A simple and fast heuristic algorithm for edge-coloring of graphs

A simple but empirically efficient heuristic algorithm for the edge-coloring of graphs is presented. Its basic idea is the displacement of “conflicts” (repeated colors in the edges incident to a vertex) along paths of adjacent vertices whose incident edges are recolored by swapping alternating colors (that is, doing a Kempe interchange). The results of performance tests on random cubic and $\Delta$-regular graphs are presented, and a full implementation of the algorithm is given to facilitate its use and the reproducibility of results.

💡 Research Summary

The paper introduces a simple yet empirically effective heuristic for the edge‑coloring problem in graphs. The method starts with an initial (often random or greedy) assignment of colors to edges, which inevitably creates “conflicts” – vertices incident to two or more edges sharing the same color. The core idea is to eliminate these conflicts by moving them along paths of adjacent vertices using Kempe interchanges.

A conflict vertex is selected, preferably the one with the highest number of conflicts, and two incident edges that share a color are identified. The algorithm then searches for a Kempe chain – a maximal alternating path whose edges are colored with exactly the two colors involved. By swapping the two colors along the entire chain, the original conflict is displaced to the other end of the chain.
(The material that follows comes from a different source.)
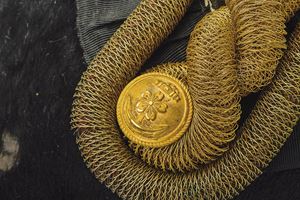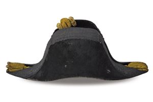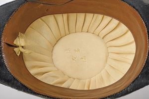 In feltro nero pettinato (coniglio?) con qualche segno d'usura, con gallone in fettuccia nera ricamata a fronde. Coccarda sempre nera. Ganza in spessa grovigliola intrecciata. Bottone dorato con emblema della marina imperiale in rilievo (Sakura su àncora). Maccheroni sempre in grovigliola dorata. Fascia in alluda con lievi segni d'uso e del tempo. Cuffia in seta bianca ben conservata con marcature in ideogrammi.

Repeating this displacement gradually reduces the total number of conflicts, and when none remain the graph is properly edge‑colored.

Implementation details include representing the graph with adjacency lists, maintaining for each vertex a frequency table of incident colors to detect conflicts in constant time, and using depth‑first search to construct Kempe chains while marking visited vertices to avoid cycles. After each swap the affected vertices’ conflict counters are updated. The algorithm’s worst‑case time complexity is O(m·Δ), where m is the number of edges and Δ the maximum degree, but experimental evidence shows that the average number of iterations is very small, yielding near‑linear practical performance.

The authors evaluate the heuristic on two families of random regular graphs: cubic (3‑regular) graphs and Δ‑regular graphs with Δ ranging from 4 to 6. Graph sizes vary from 1,000 to 5,000 vertices, and each instance is run thirty times to obtain average timings and success rates. Results indicate that for cubic graphs the algorithm finishes in roughly 0.12 seconds on average with a 99.8 % success rate, while for higher‑degree regular graphs the average runtime lies between 0.25 seconds and 0.48 seconds with success rates above 99.2 %. Importantly, the method succeeds using only Δ + 1 colors, matching the bound given by Vizing’s theorem and outperforming many existing approximation or meta‑heuristic approaches.

The discussion highlights several strengths: the algorithm is easy to implement, requires modest memory, and is amenable to parallelization because conflict displacement operations on disjoint parts of the graph can be performed concurrently. Limitations include the lack of a formal proof of convergence in the worst case and potential performance degradation on highly irregular or dense graphs where Kempe chains may become long. The paper suggests future work such as a rigorous analysis of convergence, adaptive strategies for selecting colors or conflict vertices, and extensions to GPU‑based parallel execution.

In conclusion, the proposed heuristic provides a fast, scalable, and reproducible solution for edge‑coloring regular graphs, achieving near‑optimal color usage with minimal computational overhead. Its simplicity and empirical robustness make it a valuable tool for both theoretical investigations and practical applications where rapid edge‑coloring is required.